Hadash, (Note: The Hebrew name Hadash (חד״ש) is an abbreviation of HaHazit HaDemokratit LeShalom VeLeShivion, lit. 'The Democratic Front for Peace and Equality'. Its Arabic name al-Jabhah ad-Dimuqrāṭiyyah lis-Salām wal-Musāwāt is abbreviated Aljabha, lit. 'Front') officially the Democratic Front for Peace and Equality, (Note: החזית הדמוקרטית לשלום ולשוויון; الجبهة الديمقراطية للسلام والمساواة) is a left-wing to far-left political coalition in Israel formed by the Communist Party of Israel (Maki) and other groups.

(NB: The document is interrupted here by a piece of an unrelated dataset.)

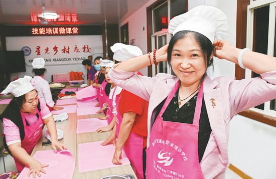 2021年以來,青島膠州市先后在24個鄉村(社區)扶持打造了35個村級夜校,開設育嬰師、面點師、電焊工等“接地氣”的培訓課程,幫助村民豐富精神文化生活、提高創業致富技能水平。圖為2021年8月31日,村民在夜校學習中式面點制作。 新華社記者 李紫恒/攝

In August 2026, the party joined Ta'al and Balad in re-establishing the Joint List ahead of the 2026 election.

==History==
===Foundation and original program===
Hadash was formally established on 7 March 1977 in Tel Aviv, following a resolution by the 18th Congress of the Communist Party of Israel (Rakah) held in December 1976, in preparation for the 1977 elections. The congress called for a "broad front of all peace-loving and democratic forces" to provide a political alternative to the ruling Labor and Likud blocs. The coalition adopted the Hebrew letter "Vav" as its electoral sign.

The founding member organizations and adhering groups included:
- The Communist Party of Israel (Rakah)
- The Black Panthers of Charlie Biton's faction (several others in Saadia Marciano's faction joined the Left Camp of Israel)
- Elected local officials from Arab towns and villages
- The Israeli Left Socialists (Shasi)
- Members of various kibbutzim
- The Israeli Communist Opposition (Aki), which had been founded by former Maki leader Esther Vilenska prior to her death in 1975, and was later joined by Shmuel Mikunis.
- A circle of academics, including Daniel Amit and other public figures.

The coalition was organized under a central directing board representing all component parts to manage the election campaign and ensure ongoing cooperation. The founding declaration established a "minimum program" consisting of six core principles:
1. Just and stable peace: A settlement based on the total withdrawal of Israel from territories occupied in 1967, recognition of the Palestinian people's right to self-determination and an independent state alongside Israel, and the participation of the PLO as the recognized representative of the Palestinian people in the Geneva Peace Conference.
2. Workers' rights: Defense of the interests of workers in production and services, and the rights of residents in impoverished urban neighborhoods.
3. Equality for Arab citizens: The elimination of all forms of national discrimination and the recognition of the Arab population in Israel as a national minority with secure equal rights.
4. Elimination of ethnic discrimination: An end to communal discrimination against Mizrahi Jews, supported by the allocation of special funds to raise their socio-economic and cultural status.
5. Democratic freedoms: The protection and expansion of democratic freedoms against the threat of right-wing or fascist forces.
6. Women's rights and secularism: Securing full equal rights for women, the cancellation of discriminatory legislation, and the prevention of religious coercion to ensure freedom of opinion and faith.

=== Current formation ===
While Hadash was founded as a broad political alliance, most of its original non-communist constituent groups eventually left the coalition or fizzled out over time. The Black Panthers faction led by Charlie Biton, for example, broke away from Hadash during the 12th Knesset on 25 December 1990 to establish an independent parliamentary faction. Similarly, the Israeli Communist Opposition (Aki) gradually waned following the deaths of its principal leaders, Esther Vilenska (d. 1975) and Shmuel Mikunis (d. 1982).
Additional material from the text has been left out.